Salinity stress results in increased concentration of sodium (Na+) ions and Na+/K+ imbalance into cytoplasm. Potassium (K+) ion is important for functioning of plant metabolism and overall physiological process. K+ is considered a “master switch” which regulates the transition from “normal state” to “hibernated state” during stress conditions [54,55]. Previous studies demonstrate that the high K+/Na+ cytosolic levels in plants are a prerequisite for salt tolerance. However, due to high physico-chemical similarities between K+ and Na+, Na+ competes with binding sites of K+ ions, and interrupts the normal functioning of enzymes. Volatile compounds secreted by certain PGPRs are shown to reduce the Na+ level in plant roots and shoots. HKT (high affinity K+ transporter) is a member of IMPs (integral membrane proteins) and plays a crucial role in transport of cation across plasma membranes in plant cells [56]. It plays a pivotal role in plants under salt stress. Sodium transporter (HKT) is expressed in xylem parenchyma and is responsible for exclusion of Na+ from leaves by removing Na+ from xylem sap [57,58]. In Arabidopsis thaliana, it was observed that the plant exposed to Bacillus subtilis GB03 VOCs accumulated less Na+ in both root and shoots. AtHKT restricts Na+ into roots, which leads to higher root-to-shoot Na+ ratio. B. subtilis GB03 released VOCs, repressing the activity of AtHKT in root while increasing its activity in shoot. This mechanism of recirculation of Na+ from shoot to root by modulating the activity of AtHKT explains the role of VOCs in alleviating salt stress [48,57]. In different studies, it was observed that VOCs induced systemic tolerance against drought in plants. Acetoin and 2,3-butanediol released from Pseudomonas chlororaphis O6 and Bacillus amyloliquefaciens FZB42 induced stomatal closure in Arabidopsis thaliana and Nicotiana benthamiana by invoking the SA/ABA signaling pathway [59,60]. 2,3-Butanediol and its precursor acetoin produced by B. subtilis GB03 and B. amyloliquefaciens IN937 promoted the growth and yield in cucumbers, peppers, and tomatoes. VOCs produced by many PGPRs also elevate the manufacture of essential oils in Mentha piperita Huds [61].
Volatile compounds released by PGPRs also mediate the iron uptake by plants. Because of its presence in soil as oxyhydroxide polymers, iron becomes biologically unavailable for uptake and leads to iron deficiency in plants. It was observed that B. subtilis GB03 VOCs, in normal growth condition, would elevate Fe levels in Arabidopsis thaliana by transcriptional upregulation of FIT1 (Fe-deficiency induced transcriptional factor 1) and its target gene ferric reduction oxidase 2 (FRO2) and iron transporter gene (IRT1). However, fit1 knockdown mutants lacked any enhancement in iron levels and photosynthetic efficiency, thus indicating the crucial role of FIT1 in iron uptake. Additionally, iron uptake is also facilitated by VOCs mediated rhizosphere acidification which upregulates the activity of FRO2 [57]. VOCs have been found to induce tolerance against osmotic stress in plants by upregulating the synthesis of osmoprotectants. It was found that the transcriptional upregulation of PEAMT (phosphoethanolamine N-methyltransferase) by VOCs led to synthesis of osmoprotectants choline and glycine betaine. In dehydration condition, the osmoprotectants elevate the osmotic pressure of the cell and lower the free water potential of the cell to prevents water loss [51,62].

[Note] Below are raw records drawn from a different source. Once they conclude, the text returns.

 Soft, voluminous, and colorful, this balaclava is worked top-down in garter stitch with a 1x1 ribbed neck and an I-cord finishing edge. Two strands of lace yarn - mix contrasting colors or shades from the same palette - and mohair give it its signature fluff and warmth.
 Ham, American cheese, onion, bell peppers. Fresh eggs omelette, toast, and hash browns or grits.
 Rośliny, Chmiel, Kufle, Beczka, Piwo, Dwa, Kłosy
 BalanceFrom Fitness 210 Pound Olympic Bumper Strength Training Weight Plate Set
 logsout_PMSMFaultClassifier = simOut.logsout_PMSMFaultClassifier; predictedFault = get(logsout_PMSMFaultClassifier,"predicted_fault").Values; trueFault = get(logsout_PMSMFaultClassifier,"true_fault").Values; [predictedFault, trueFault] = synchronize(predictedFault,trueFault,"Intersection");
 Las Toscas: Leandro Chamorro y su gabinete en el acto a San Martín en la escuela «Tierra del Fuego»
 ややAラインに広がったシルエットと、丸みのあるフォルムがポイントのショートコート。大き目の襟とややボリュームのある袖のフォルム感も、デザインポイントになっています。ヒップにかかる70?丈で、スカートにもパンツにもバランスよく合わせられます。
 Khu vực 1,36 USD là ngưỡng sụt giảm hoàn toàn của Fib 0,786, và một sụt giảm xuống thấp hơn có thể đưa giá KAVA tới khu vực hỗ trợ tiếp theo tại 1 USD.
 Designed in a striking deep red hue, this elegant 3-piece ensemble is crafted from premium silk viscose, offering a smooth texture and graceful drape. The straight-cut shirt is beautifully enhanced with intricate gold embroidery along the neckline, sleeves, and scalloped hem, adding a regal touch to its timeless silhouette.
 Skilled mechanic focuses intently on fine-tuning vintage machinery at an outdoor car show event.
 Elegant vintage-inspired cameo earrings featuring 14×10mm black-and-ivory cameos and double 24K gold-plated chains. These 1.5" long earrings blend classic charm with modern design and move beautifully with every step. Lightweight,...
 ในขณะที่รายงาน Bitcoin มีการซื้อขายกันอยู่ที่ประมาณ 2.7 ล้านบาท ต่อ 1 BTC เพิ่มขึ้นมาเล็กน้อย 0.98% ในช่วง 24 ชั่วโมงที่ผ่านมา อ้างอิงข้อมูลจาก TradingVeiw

2.4. PGPRs as Biostimulants

The various substances or microorganisms which stimulate the plant productivity through natural processes are known as biostimulants. This word has been coined by horticulturists and some of them identified humic acid and seaweed extract as biostimulants. It principally includes amino-acid-containing products (AACP), hormone-containing products (HCP) and humic substances (HS) [63]. PGPR as biostimulants are placed under the category of biofertilizers, biopesticides and phyto-stimulators [64]. They monitor the life cycle of plants from germination of seeds to maturity by increasing the stress tolerance, nutrient accumulation, improving properties of soil and providing a healthy environment to other microorganisms within the soil [65]. In addition to that, PGPR has the ability to modify the cell wall composition of the plant and accumulate a high quantity of solutes since they increase the water retention and provide protection against ionic and osmotic stress [66,67]. PGPR also has shown an effective role in tackling the salinity, drought, high temperatures and pH due to high quantity of indole-3-acetic acid (IAA) which relieves the salt stress and also maintains the production of exopolysaccharides (EPS) in order to the sustain the hydration around the roots under water scarcity [68].

2.5. Secretion of Exopolysaccharides (EPS)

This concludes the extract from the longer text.